Give the data again exactly as written, without any of its pictures.

*** Opening of Dataset extract ***

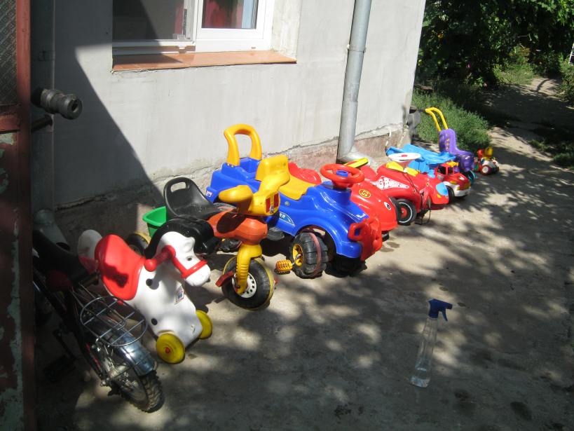 :))) parcarea voastra imi aduce aminte de a noastra doar ca noi nu mai folosim jucariile de tras (le-am daruit unor copilasi care nu au), la noi gasiti si tractorase cu remorci, trotinete….;)
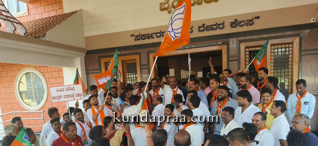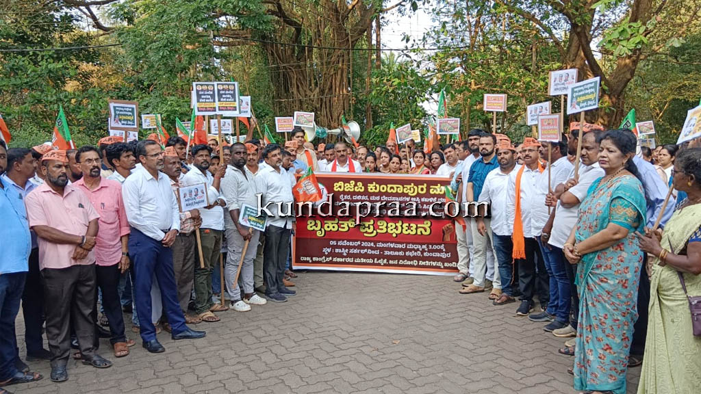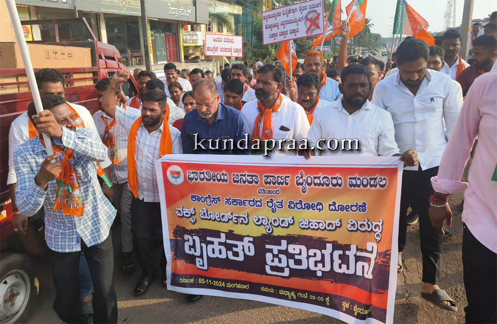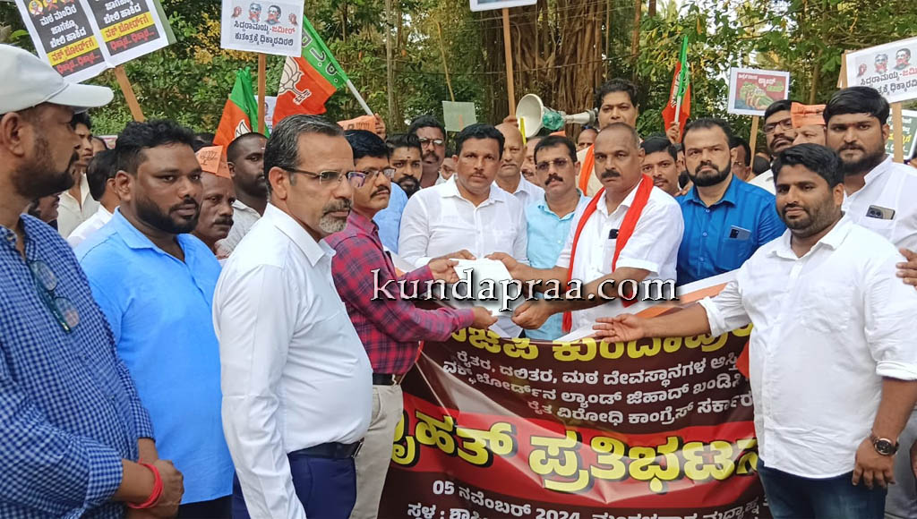 ಕುಂದಾಪುರ,ನ.06: ರಾಜ್ಯ ಕಾಂಗ್ರೆಸ್ ಸರ್ಕಾರದ ರೈತ ವಿರೋಧಿ ಧೋರಣೆ ಹಾಗೂ ವಕ್ಫ್ ಬೋರ್ಡ್ ನ ಧೋರಣೆ ಖಂಡಿಸಿ ಕುಂದಾಪುರ ಮಂಡಲ ಬಿಜೆಪಿ ವತಿಯಿಂದ ಪ್ರತಿಭಟನೆ ನಡೆಯಿತು.
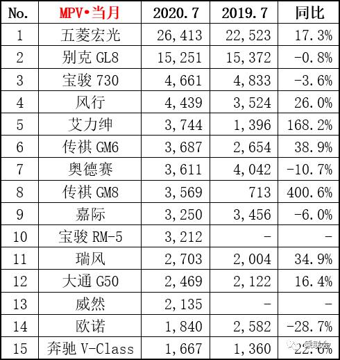 7月,MPV市场的终于实现了止跌回升,除了市场两端的五菱宏光和别克GL8外,整体来车型销量都有所回升,其中传祺GM8和艾力绅的涨幅甚至达到了三位数,五菱宏光出现了罕见的同比正增长。近期推出的吉利嘉际和宝骏RM-5表现也还算不错,两款新生代MPV嘉际险胜宝骏RM-5。

*** Close of Dataset extract ***

[Written response]
 :))) parcarea voastra imi aduce aminte de a noastra doar ca noi nu mai folosim jucariile de tras (le-am daruit unor copilasi care nu au), la noi gasiti si tractorase cu remorci, trotinete….;)
 ಕುಂದಾಪುರ,ನ.06: ರಾಜ್ಯ ಕಾಂಗ್ರೆಸ್ ಸರ್ಕಾರದ ರೈತ ವಿರೋಧಿ ಧೋರಣೆ ಹಾಗೂ ವಕ್ಫ್ ಬೋರ್ಡ್ ನ ಧೋರಣೆ ಖಂಡಿಸಿ ಕುಂದಾಪುರ ಮಂಡಲ ಬಿಜೆಪಿ ವತಿಯಿಂದ ಪ್ರತಿಭಟನೆ ನಡೆಯಿತು.
 7月,MPV市场的终于实现了止跌回升,除了市场两端的五菱宏光和别克GL8外,整体来车型销量都有所回升,其中传祺GM8和艾力绅的涨幅甚至达到了三位数,五菱宏光出现了罕见的同比正增长。近期推出的吉利嘉际和宝骏RM-5表现也还算不错,两款新生代MPV嘉际险胜宝骏RM-5。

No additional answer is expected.